§ **Assignment**
Write out the lines below exactly, beginning at the one with "El zapatero doble" and stopping after the one with "A cute summer"; the pictures are not copied.

§ **Entries supplied**
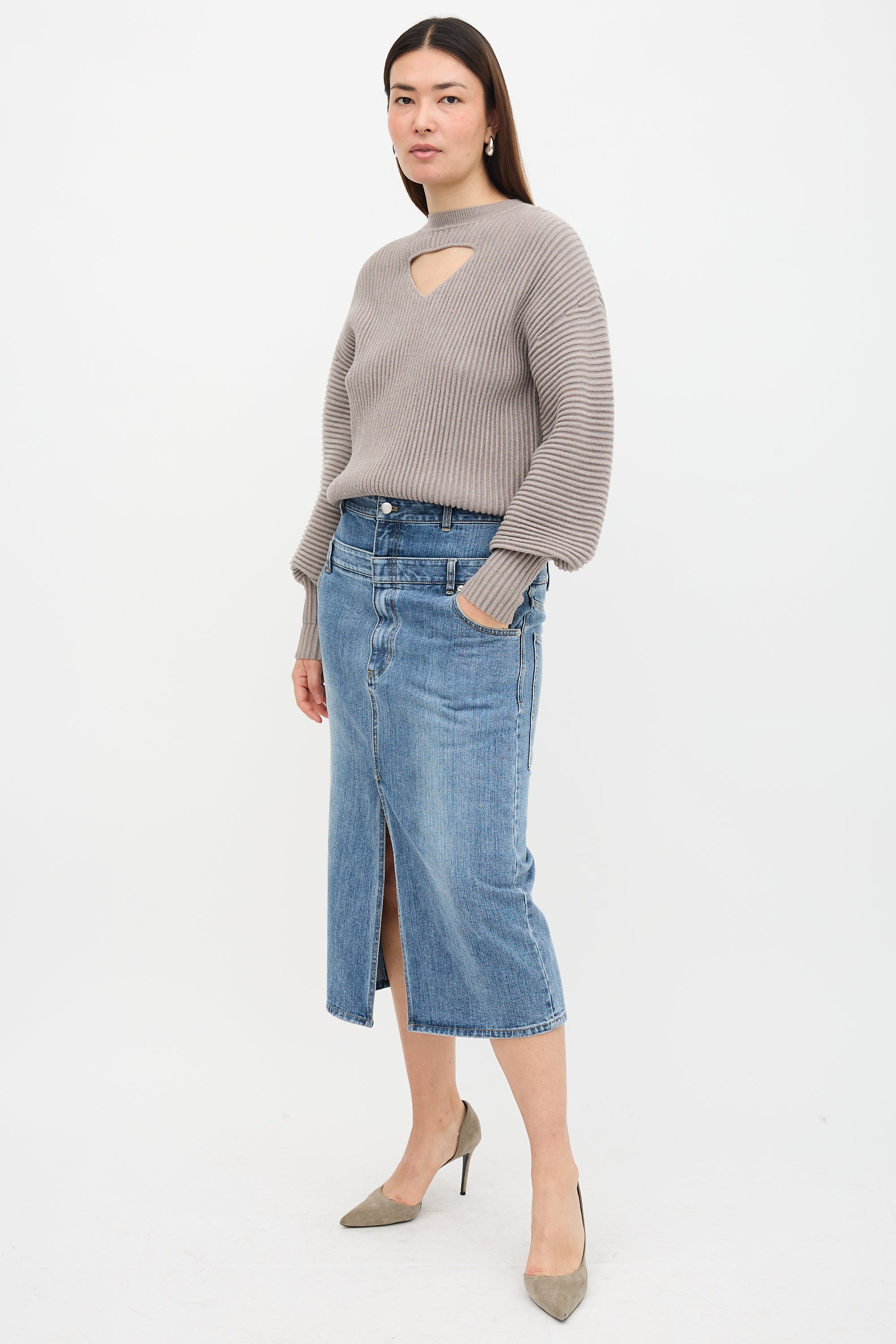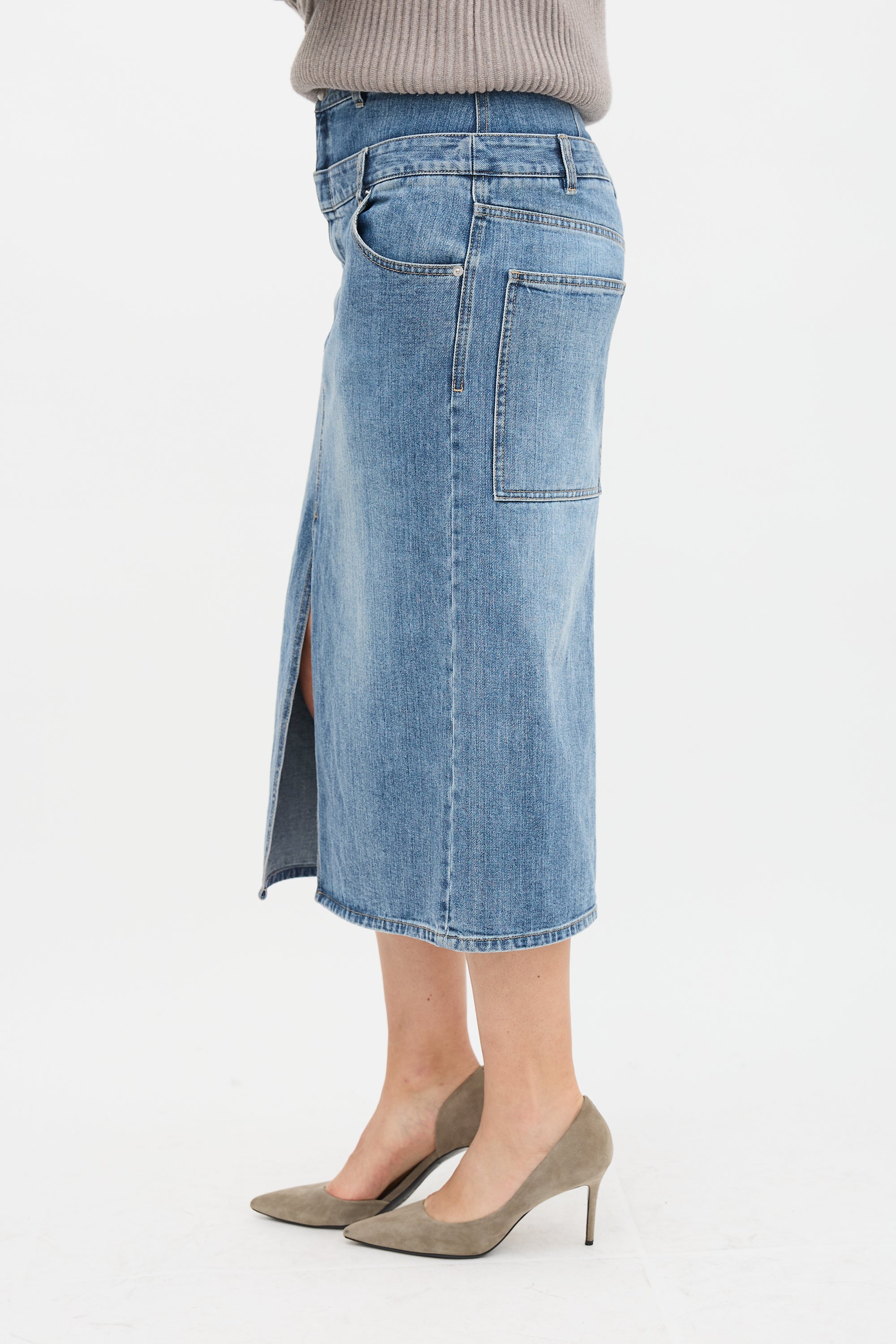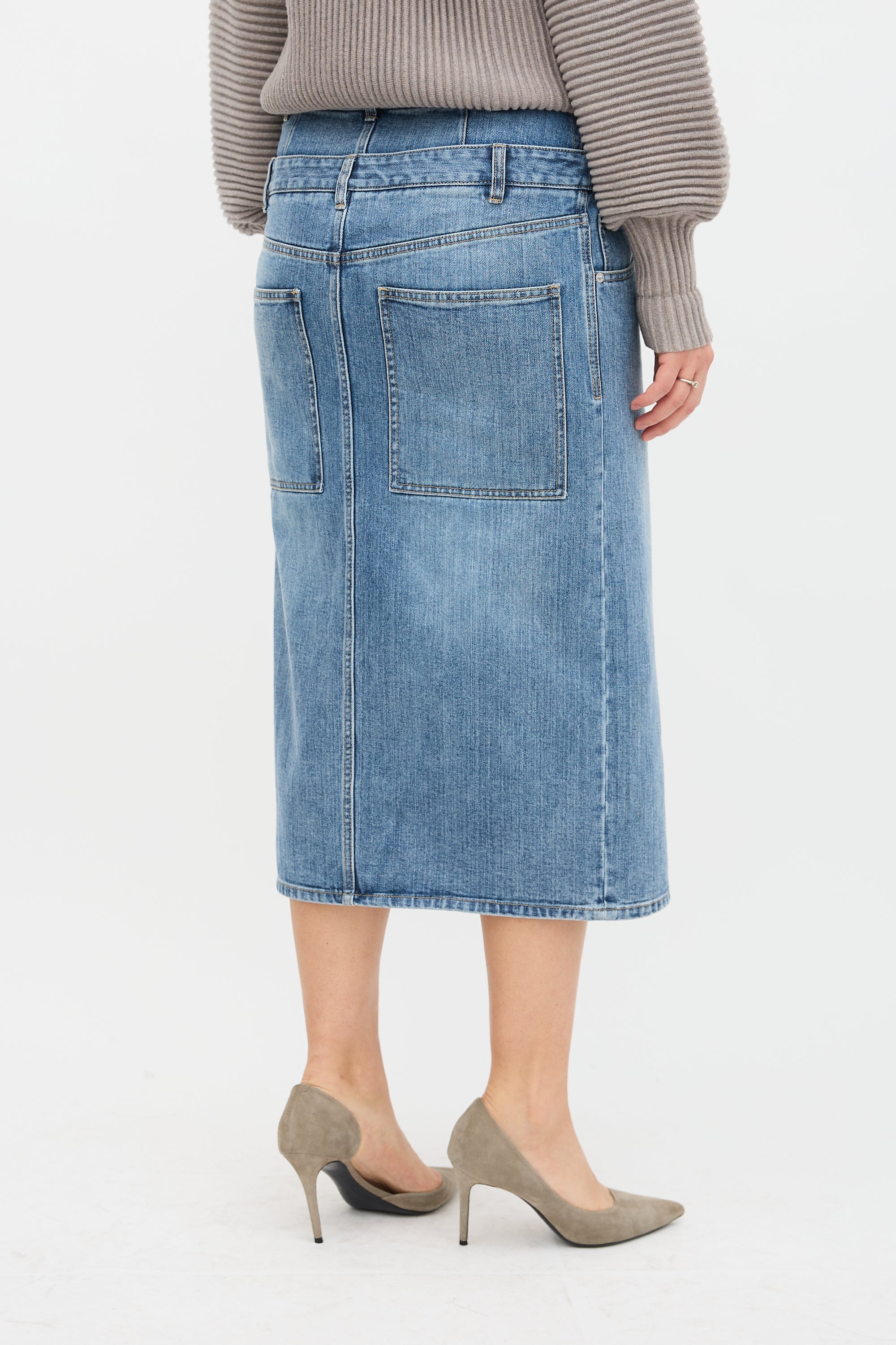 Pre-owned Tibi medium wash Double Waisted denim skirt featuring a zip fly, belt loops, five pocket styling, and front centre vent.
...
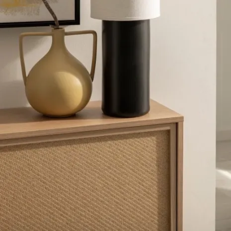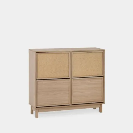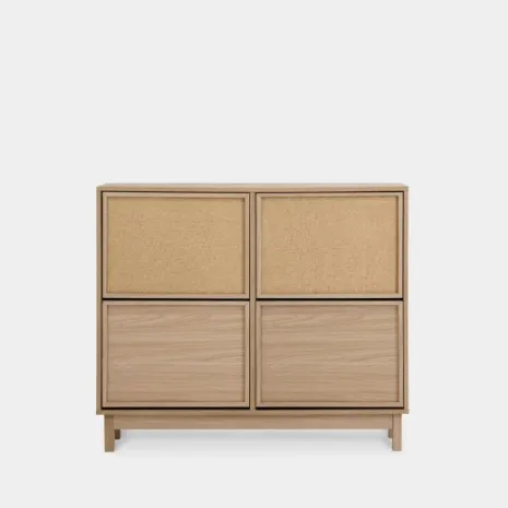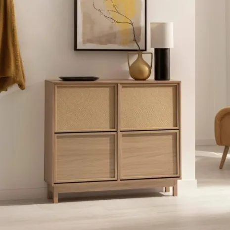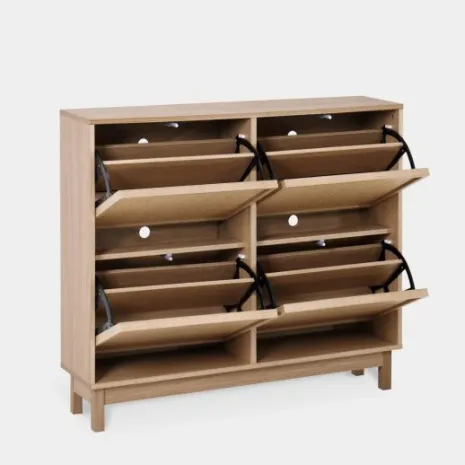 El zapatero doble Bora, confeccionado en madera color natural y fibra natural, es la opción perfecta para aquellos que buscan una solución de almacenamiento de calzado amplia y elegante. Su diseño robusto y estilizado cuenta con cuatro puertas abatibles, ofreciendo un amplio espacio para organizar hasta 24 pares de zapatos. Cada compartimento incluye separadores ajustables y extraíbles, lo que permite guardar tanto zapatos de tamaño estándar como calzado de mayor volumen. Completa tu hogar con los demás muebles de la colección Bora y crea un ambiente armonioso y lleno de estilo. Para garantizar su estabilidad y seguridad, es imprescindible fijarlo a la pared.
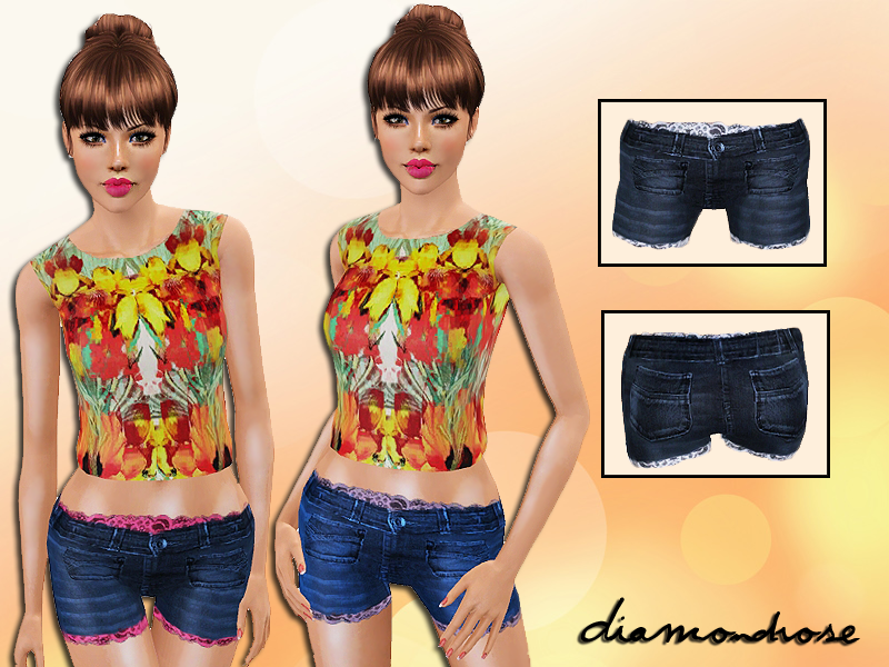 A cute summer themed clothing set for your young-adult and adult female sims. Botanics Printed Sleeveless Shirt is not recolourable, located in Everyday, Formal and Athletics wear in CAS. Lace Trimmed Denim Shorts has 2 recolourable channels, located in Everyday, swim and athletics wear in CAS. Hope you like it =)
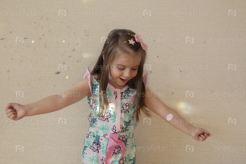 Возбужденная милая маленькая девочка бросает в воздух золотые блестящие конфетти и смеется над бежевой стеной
...
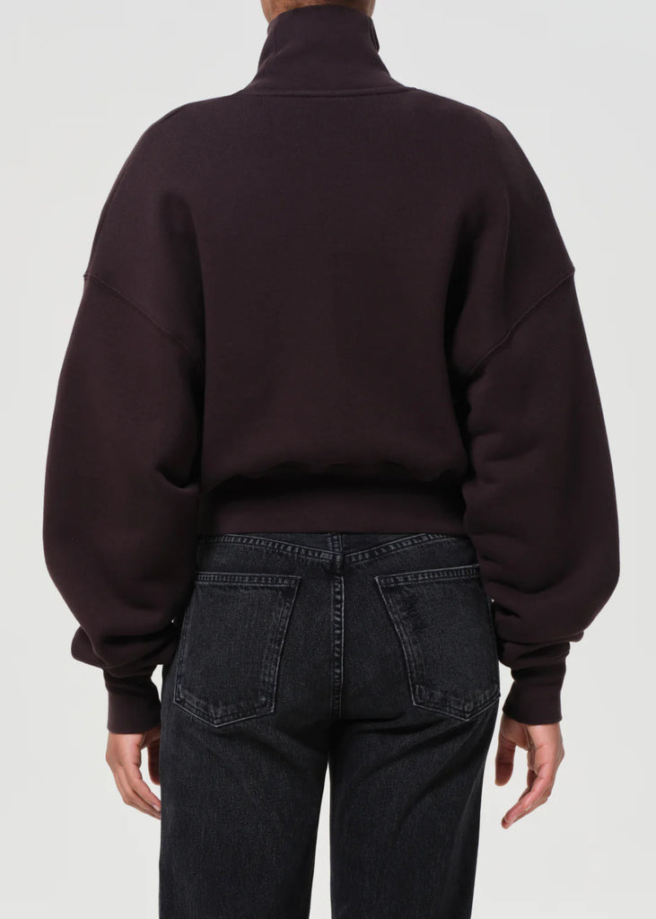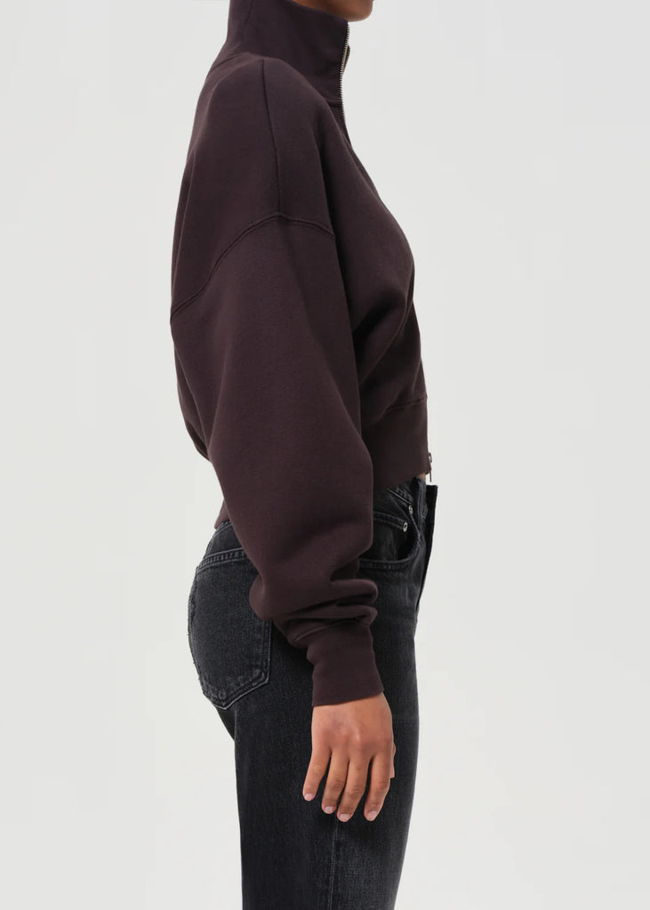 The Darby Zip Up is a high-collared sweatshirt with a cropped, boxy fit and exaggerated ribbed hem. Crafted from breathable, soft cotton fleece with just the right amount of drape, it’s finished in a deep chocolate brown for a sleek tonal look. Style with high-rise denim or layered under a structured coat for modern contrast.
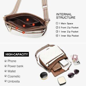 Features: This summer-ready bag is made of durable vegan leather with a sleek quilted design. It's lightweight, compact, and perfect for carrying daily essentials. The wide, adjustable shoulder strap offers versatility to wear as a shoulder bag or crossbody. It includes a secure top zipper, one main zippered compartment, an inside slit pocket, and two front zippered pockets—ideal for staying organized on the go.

§ **Solved exercise**
 El zapatero doble Bora, confeccionado en madera color natural y fibra natural, es la opción perfecta para aquellos que buscan una solución de almacenamiento de calzado amplia y elegante. Su diseño robusto y estilizado cuenta con cuatro puertas abatibles, ofreciendo un amplio espacio para organizar hasta 24 pares de zapatos. Cada compartimento incluye separadores ajustables y extraíbles, lo que permite guardar tanto zapatos de tamaño estándar como calzado de mayor volumen. Completa tu hogar con los demás muebles de la colección Bora y crea un ambiente armonioso y lleno de estilo. Para garantizar su estabilidad y seguridad, es imprescindible fijarlo a la pared.
 A cute summer themed clothing set for your young-adult and adult female sims. Botanics Printed Sleeveless Shirt is not recolourable, located in Everyday, Formal and Athletics wear in CAS. Lace Trimmed Denim Shorts has 2 recolourable channels, located in Everyday, swim and athletics wear in CAS. Hope you like it =)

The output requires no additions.